Speech Animation using Dynamic Visemes
Lead Research Organisation:
University of East Anglia
Department Name: Computing Sciences
Abstract
This project will investigate new methods for automatically producing speech animation. For animators in the movie industry this is typically a tedious, iterative process that involves key-framing static lip-poses and then handcrafting a blending function to transition from one key pose to another. In is not uncommon for an animator to spend several hours producing animation for just a few seconds of speech.
We have previously worked on identifying a new dynamic unit for speech animation, termed dynamic visemes, and have shown that these units produce better animation than more traditional phoneme-based units. In this project we will integrate dynamic visemes into state of the art approaches to further improve upon the quality of automated animation that is currently possible. Furthermore, we will investigate how dynamic visemes relate to speech acoustics so that animation can be generated directly from the voice of an actor.
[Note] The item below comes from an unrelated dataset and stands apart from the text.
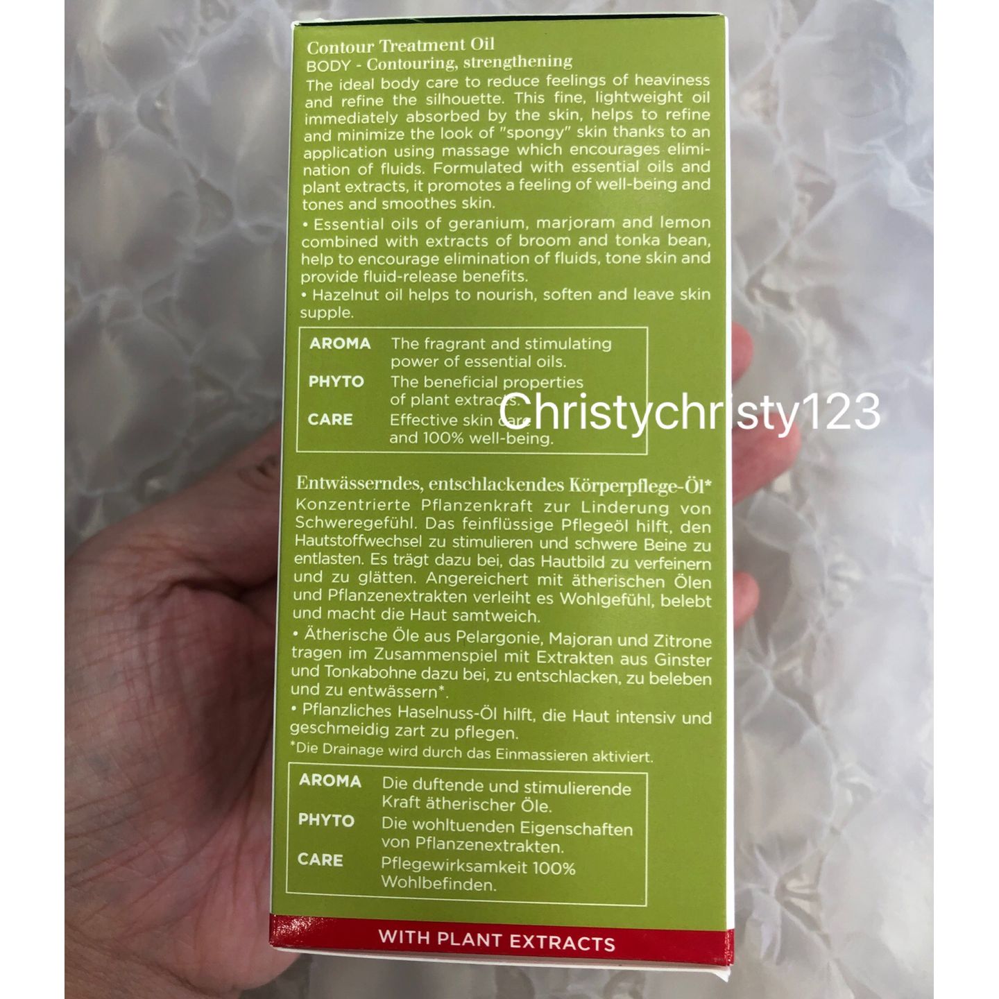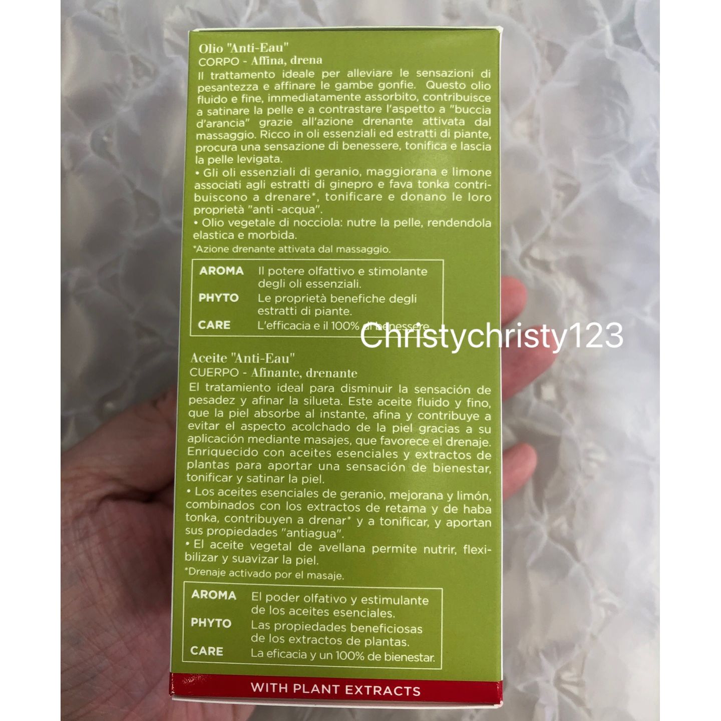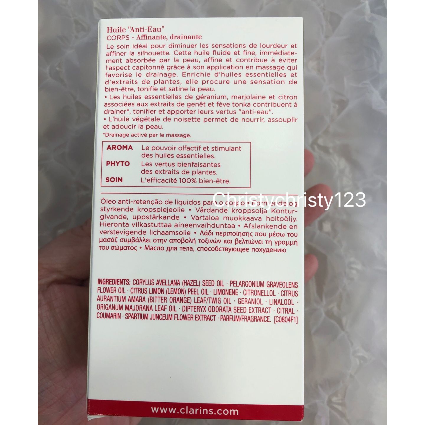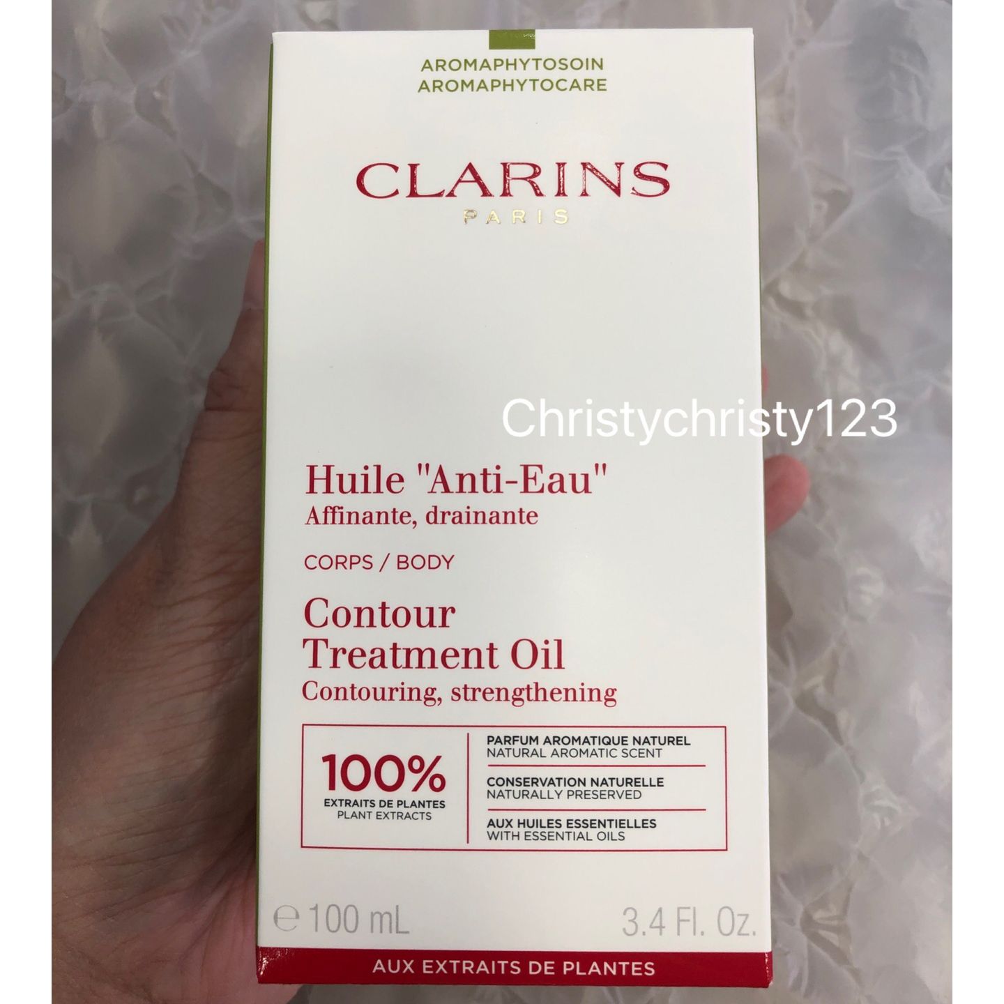 有效日期 : 2024年 02月 產地 : 法國 (Made in France) 品名 : Clarins 排水身體護理油 (Clarins Huile "Anti-Eau" Contour Body Treatment Oil) 容量 : 100 ml 產品描述 : ** 護理油以100%純植物萃取研製,配方融合了金雀花、天竺葵和薄荷精油,幫助排走毒素,讓肌膚更緊緻有彈性,預防橙皮紋的出現 ** 榛果油極為滋潤,讓肌膚如絲緞般柔軟。香氣帶來身心靈的愉悅享受。不留污跡 ** 有效幫助排走毒素, 讓肌膚更緊緻有彈性 ** 預防肌膚缺水, 香氣細膩,更帶來身心靈的愉悅享受 使用方法 : ** 可在濕潤或擦乾的肌膚上使用。取出小量護理油,輕柔地從腳踝向上塗至腰部 ** 使用後在冷水中清洗 🌟訂購產品前,歡迎 WhatsApp 6053 7862 或致電客服 2446 0981 查詢貨存,謝謝🙏 🌟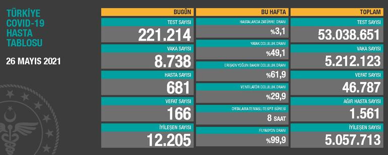 Sağlık Bakanlığının Covid-19 bilgilendirme sayfasında Türkiye’nin güncel korona virüs tablosu kamuoyuyla paylaşıldı. Tabloya göre son 24 saatte 166 kişi korona virüsten hayatını kaybetti, toplam can kaybı 46 bin 787’a yükseldi. Toplamda 53 milyon 38 bin 651 test yapıldı. Bugün yapılan 221 bin 214 testten, 8 bin 738 yeni vaka sayısı, 681 kişi de yeni hasta sayısı olduğu belirtildi. Toplam vaka sayısının 5 milyon 212 bin 123 olduğu, bugün iyileşen 12 bin 205 kişiyle birlikte toplam iyileşen hasta sayısının 5 milyon 57 bin 713’e yükseldiği, toplam hastalarda zatürre oranının yüzde 3,1, ağır hasta sayısının ise bin 561 olduğu açıklandı.

We will build tools that can be implemented in commercial animation pipelines so animation studios can use our tools as a basis for animating any speech on their own models. This will leave their artists free to focus on the overall performance of the character.
The proposed project is ambitious in its aims, proposing a new approaches for producing better speech animation. However, the impact of the work is wide reaching and has the potential to influence the production of speech content in all animated movies and computer games.
We have previously worked on identifying a new dynamic unit for speech animation, termed dynamic visemes, and have shown that these units produce better animation than more traditional phoneme-based units. In this project we will integrate dynamic visemes into state of the art approaches to further improve upon the quality of automated animation that is currently possible. Furthermore, we will investigate how dynamic visemes relate to speech acoustics so that animation can be generated directly from the voice of an actor.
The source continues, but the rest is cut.